Does terms.train need the pipeline if not merge_entities and not merge_nounchunks?

terms
spacy

(Madhu Jahagirdar) #1

I have been using prodigy to train on 5 million document records and the current rate at which it is processing it will take 6-7 days, which is quite a long time. I was trying to optimize this a bit. When I disable all pipelines except senteniczer the performance is hugely better. My question is, if I am not using merge_entities or merge_nounchunks and my only use case right now is text classification, can I disable all the pipelines except senteniczer and does impact the accuracy of the classifier or ?


(Matthew Honnibal) #2

If you’re not using merge_entities and you’re not using merge_nounchunks, yes you should disable the other pipeline components. We’ll look at doing this automaticaly.


(Madhu Jahagirdar) #3

Disable the tagging (POS) as well ?


(Matthew Honnibal) #4

Sure, yes.


(Madhu Jahagirdar) #5

Merged from thread Pipeline Sequence

@honnibal @ines

Is there any sequence in which I should add the pipeline.
For custom terms.train I am adding the following sequence and getting error:

 nlp = spacy.blank(lang)
 print("Using blank spaCy model ({})".format(lang))
 nlp.add_pipe(nlp.create_pipe('sentencizer'))
 nlp.add_pipe(nlp.create_pipe('tagger'))
 nlp.add_pipe(nlp.create_pipe('parser'))

Using blank spaCy model (en)
22:06:50 - 'pattern' package not found; tag filters are not available for English
Traceback (most recent call last):
  File "/usr/lib/python3.5/runpy.py", line 184, in _run_module_as_main
    "__main__", mod_spec)
  File "/usr/lib/python3.5/runpy.py", line 85, in _run_code
    exec(code, run_globals)
  File "/home/madhujahagirdar/cnn-annotation/venv/lib/python3.5/site-packages/prodigy/__main__.py", line 254, in <module>
    controller = recipe(*args, use_plac=True)
  File "cython_src/prodigy/core.pyx", line 152, in prodigy.core.recipe.recipe_decorator.recipe_proxy
  File "/home/madhujahagirdar/cnn-annotation/venv/lib/python3.5/site-packages/plac_core.py", line 328, in call
    cmd, result = parser.consume(arglist)
  File "/home/madhujahagirdar/cnn-annotation/venv/lib/python3.5/site-packages/plac_core.py", line 207, in consume
    return cmd, self.func(*(args + varargs + extraopts), **kwargs)
  File "/home/madhujahagirdar/cnn-annotation/venv/lib/python3.5/site-packages/prodigy/recipes/terms.py", line 57, in train_vectors
    for doc in nlp.pipe((eg['text'] for eg in stream)):
  File "/home/madhujahagirdar/cnn-annotation/venv/lib/python3.5/site-packages/spacy/language.py", line 564, in pipe
    for doc in docs:
  File "pipeline.pyx", line 400, in pipe
  File "pipeline.pyx", line 405, in spacy.pipeline.Tagger.predict
AttributeError: 'bool' object has no attribute 'tok2vec

Additionally, if I use only sentencizer and create word2vec model and if I dont use merge_entities and merge_nounchunks in my textcat.batchtrain would it have any impact on the classificaion performance.
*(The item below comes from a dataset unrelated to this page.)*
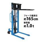 ハンドフォークリフト 昇降 最高位1650mm 1000kg フォーク長さ990mm 青 ハイアップ スタッカー ブルー stacker1016blue
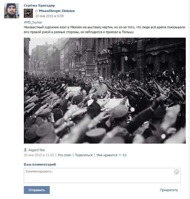 Год, тогда еще служащий в "Азове", Бригадир начал с фотографий с Гитлером. Он репостит шутку "Мизантропик Дивижн" (об этой организации "Страна" подробно писала ранее), в которой Гитлер представлен художником, который, из-за обилия "зиг" на улицах, заблудился и попал вместо выставки картин в Польшу.

With all the pipeline components, for 5 million documents its taking 5-7 days. Any help would be appreciated.


(Matthew Honnibal) #6

The terms.teach recipe only trains word vectors. There’s no reason to add blank tagger, parser or entity objects to the pipeline — they won’t be trained. The specific error you’re seeing above is due to not calling nlp.begin_training() to initialize the models; however the real problem is that you shouldn’t be adding these components to the pipeline in this recipe.